Его поймали за копающуюся в тумбочке руку, молча подхватили впятером и потащили к открытому окну.
Никто не бросился на защиту. Он кричал среди глухих.
Вор у нас обречен.
Однажды у штурманов на практике, в море, поймали вора. Он украл то ли деньги, то ли что. Его били всем кубриком. Ночью. По-волчьи.
Потом его комиссовали, то есть признали искалеченным, негодным и уволили в запас.
Пойманных на воровстве в училище не оставляли. Их могли убить.
Избивавшим его ничего не было, потому что никто не сознался, да и он ни на кого не показал.
А того, нашего, спас тогда командир роты: он его за ногу поймал.
Через несколько лет после выпуска тот наш ворюга дезертирует из армии, вступит в банду. Говорили, что какое-то время спустя его и вовсе укокошили.
Тот, кто мне все это рассказывал, был одним из тех, кто тащил его тогда к окну.
Подвернись ему случай, он бы его и сейчас в окно потащил.

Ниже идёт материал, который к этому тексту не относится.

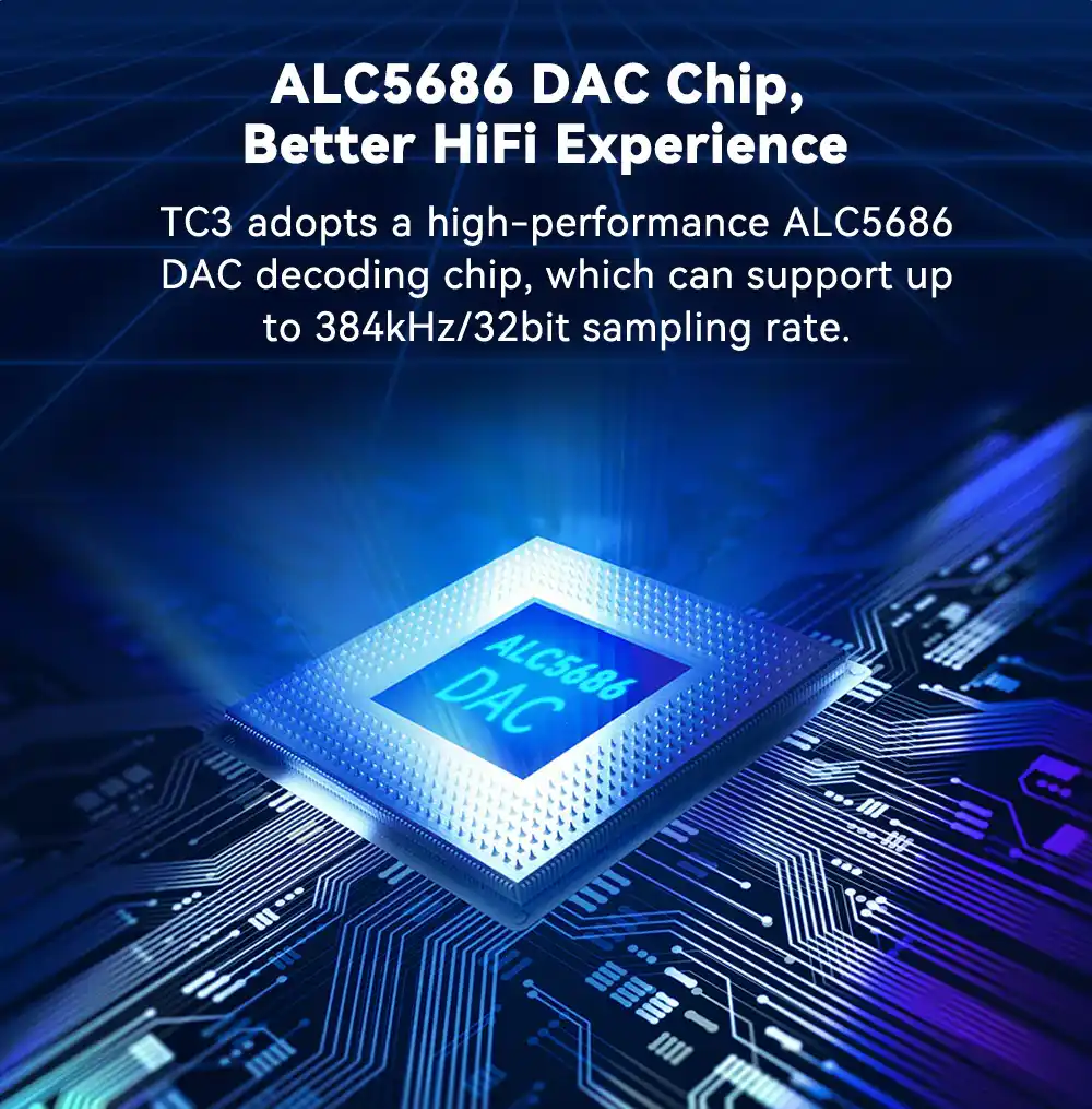- Equipped with high-fidelity audio processing, the TC3 captures every detail of your music. Its advanced DAC technology delivers crystal-clear sound, enhancing your listening experience to a professional-grade level. The device also supports high-resolution audio formats, allowing you to enjoy a full range of sound without any compromise.

Курсантский приговор можно привести в исполнение в любое время.
Был бы повод.
Можно забыть, затем встретиться через много-много лет после выпуска, говорить, говорить, но вот случился он, повод, и ты хватаешь человека за руки и тащишь к открытому окну.

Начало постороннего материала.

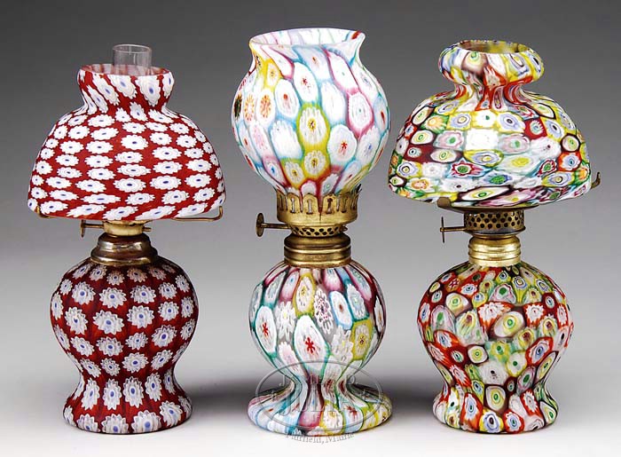 THREE MILLEFIORI MINIATURE LAMPS. Color combinations include red and blue, pastel combination and yellows, blues and greens. Multiple burner styles. SIZE: 7-1/4″ t to 7-3/4″ t. CONDITION: Very good to excellent. 5-67088 5-67089, 5-67090 (300-500)

А все из-за строя. Наверное, из-за строя. Из-за того, что полжизни я провел в строю.
– Рав-няй-сь!.. Смир-на!.. На первый-второй расчитай-сь!.. В две шеренги. Стройся!.. Отставить!.. Еще раз!..
И так до кругов в глазах.
А на плацу жарко. Лето. Роба под ремень.
На спине она покрывается солью.
Это твоя соль.
Она выступает из твоих пор и пропитывает рубаху насквозь.
– Рыть!
– Чем? Этим?!
Саперная лопатка чуть больше совка и выглядит несерьезно. Надо в бакинской земле, твердой как скала, при жаре плюс пятьдесят вырыть окоп в полный рост.
Мы тренировались недалеко от училища, на горе.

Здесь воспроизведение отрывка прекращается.